Once you get strategic, an external vendor's strategic IT initiatives can be evaluated on their merit, and you can more effectively, and accurately, direct the vendor into areas that will assure your, and their, success.


Succeeding with Microsoft


I should start off by saying I believe that for an IT organization to be "anti-" any technology vendor is stupid, unless your company is in competition with them. Your job is to make your company successful and you should consider any and all options that will allow you to do that.


By the way, I continue to say that, if you don't trust the company, regardless of what company that is, you don't use them strategically until you can fix this trust problem. Trust is critical to any related success, but trust is a two-way street and like any problem, once analyzed, can be corrected if both parties work at it.


You don't have to use the vendor's products, but holding your hands over your ears and saying "la, la, la, la" as loud as you can to avoid hearing what they have to say probably won't assure your success but will likely make your competitor's day.

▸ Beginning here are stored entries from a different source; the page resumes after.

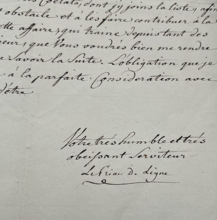 « Je viens d’apprendre avec une extrême surprise, que bien loin de voir finir l’affaire d’incorporation de ma terre souveraine de Fagnoelle dans le Cercle de Westphalie, il est survenu une protestation de 4 co-états dudit cercle contre tout ce qu’il s’est fait jusqu’icy parce qu’ils ont été totalement oubliés d’avoir communication de cette affaire […] ». Le Prince de Ligne demande à son correspondant de « prendre instamment les mesures nécessaires pour contenter lesdits coétats » dont il joint la liste pour que cette affaire « qui traine depuis tant d’années » cesse.
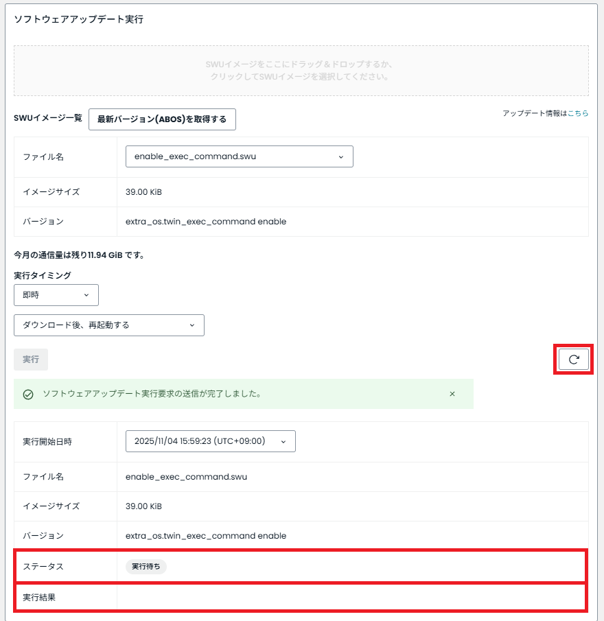 - ステータスが成功になると、インストール完了です。実行結果にアップデート後のバージョンが表示されますので、「extra_os.twin_exec_command」が「enable」になっていることを確認してください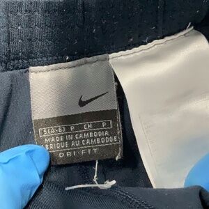 Hit the court or the trails in this essential Nike Dri-FIT athletic skirt/skort! This classic piece is a versatile black or navy blue (check under bright light to confirm color) and features Nike’s high-performance, moisture-wicking Dri-FIT technology to keep you cool and dry during any workout. The skirt has an A-line or slight flare cut for movement, and the built-in undershorts/liner make it comfortable for running, tennis, golf, or casual wear. The material is lightweight and breathable. Perfect for the athlete who values both style and performance!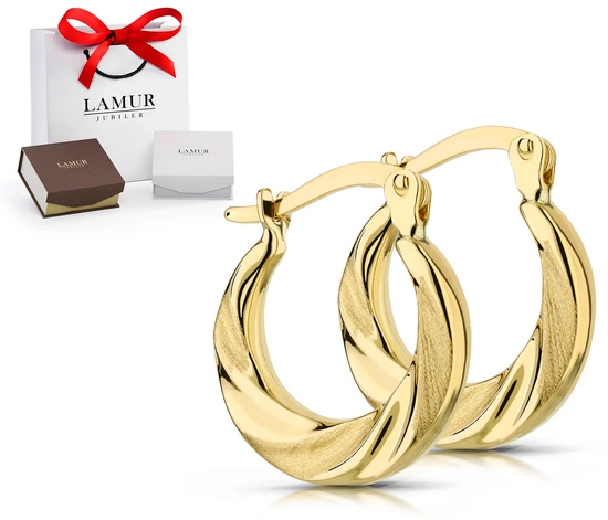 Delikatne, ale wyraziste – te złote kolczyki próby 375 zachwycają eleganckim, skręconym wzorem, który pięknie odbija światło i nadaje im lekkości. Połączenie polerowanej i satynowanej powierzchni tworzy wyjątkowy efekt kontrastu, dzięki czemu biżuteria prezentuje się niezwykle szlachetnie.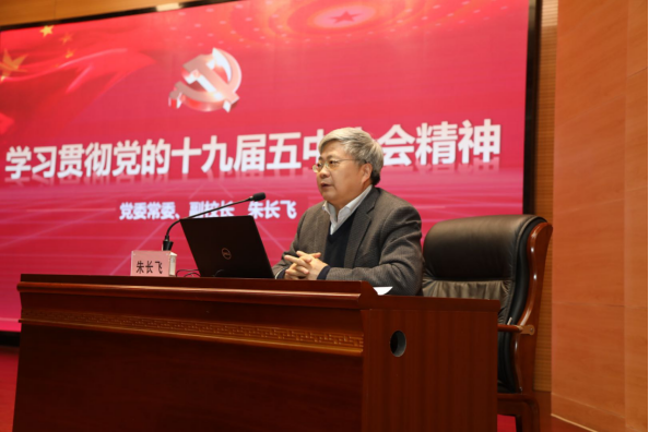 朱长飞介绍了党的十九届五中全会召开的基本情况,从准确把握决胜全面建成小康社会取得决定性成就、准确把握《建议》的核心要义、准确把握《建议》的主要内容、准确把握《建议》对科技创新和人才培养的新要求等4个方面,对党的十九届五中全会精神进行全面系统的讲解。朱长飞指出,深入学习贯彻党的十九届五中全会精神,是我们当前和今后一个时期的重要政治任务。各院级党组织要高度重视,层层压实责任,结合自身实际,通过多种多样的形式,开展丰富多彩的基层宣讲活动,确保将全会精神传达到每一位师生员工,同时要结合“十四五”规划,认真组织研讨座谈,用习近平总书记的重要讲话和党的十九届五中全会精神引领学校各项事业发展。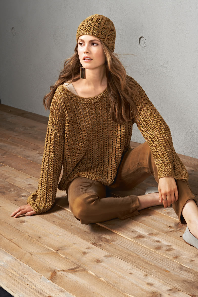 Slouchy yet sophisticated, this pullover in shimmery copper is ultra glamourous.

Even if you don't use the offering, understanding it gives you ammunition to go to the vendor you do want to use and give it grief for not doing something similar if there are positive aspects to what Microsoft proposes. This is true of any vendor; closing your eyes is simply not the way to succeed in this business.


But, for something as broad-sweeping as "Dynamic IT," if you first don't have an idea how to make your organization strategic, there is nothing Microsoft or any other vendor can do to fix that problem. This is like being in a car race and not knowing what kind of race it is before contracting out a race car; chances are neither you nor your boss will like the result regardless of who builds the car.


With Dynamic IT, you are the cook. The result, "cake or crap," is nearly entirely up to you with a foundation on your organization's integration with your company, its strategy, and execution. The first step is fully understanding where you stand in the strategic future of your firm.


Then, once you know where you stand, if you engage with the vendor you must engage all the way. This doesn't mean you buy everything they suggest, that would be stupid, but it does mean you assure they know as much about your business as you can make possible, and you know as much about their solutions as you are capable of knowing. That includes making contact with early adopter accounts and working collaboratively with them as well as Microsoft to make sure your teams only learn on the job when they have no choice and not all of the time.


Wrapping Up: Strategic IT


In the end, if you can't think or be strategic then there is no vendor on the planet, Microsoft or otherwise, that can make that happen. One thing, however -- when any vendor presents you with this concept, ask them to demonstrate how strategic their own IT organization is, look for mistakes the company has made that their own IT organization could have prevented, and use that as a lever to get the vendor to pick up their game.


In the end, to make something like Dynamic IT work requires both of you, but you own the effort, and you need to know that not only is the vendor up to this, but you can "motivate" the vendor when they don't move correctly and your own staff when they are out of touch.


The result of becoming strategic is worth the effort because, if you ever want to be a CEO, it opens up that path and, even if you don't, the success you demonstrate should not only assure your career success it should assure the success of anyone who helps you succeed. To me, particularly the last benefit is worth any price -- even working with Microsoft.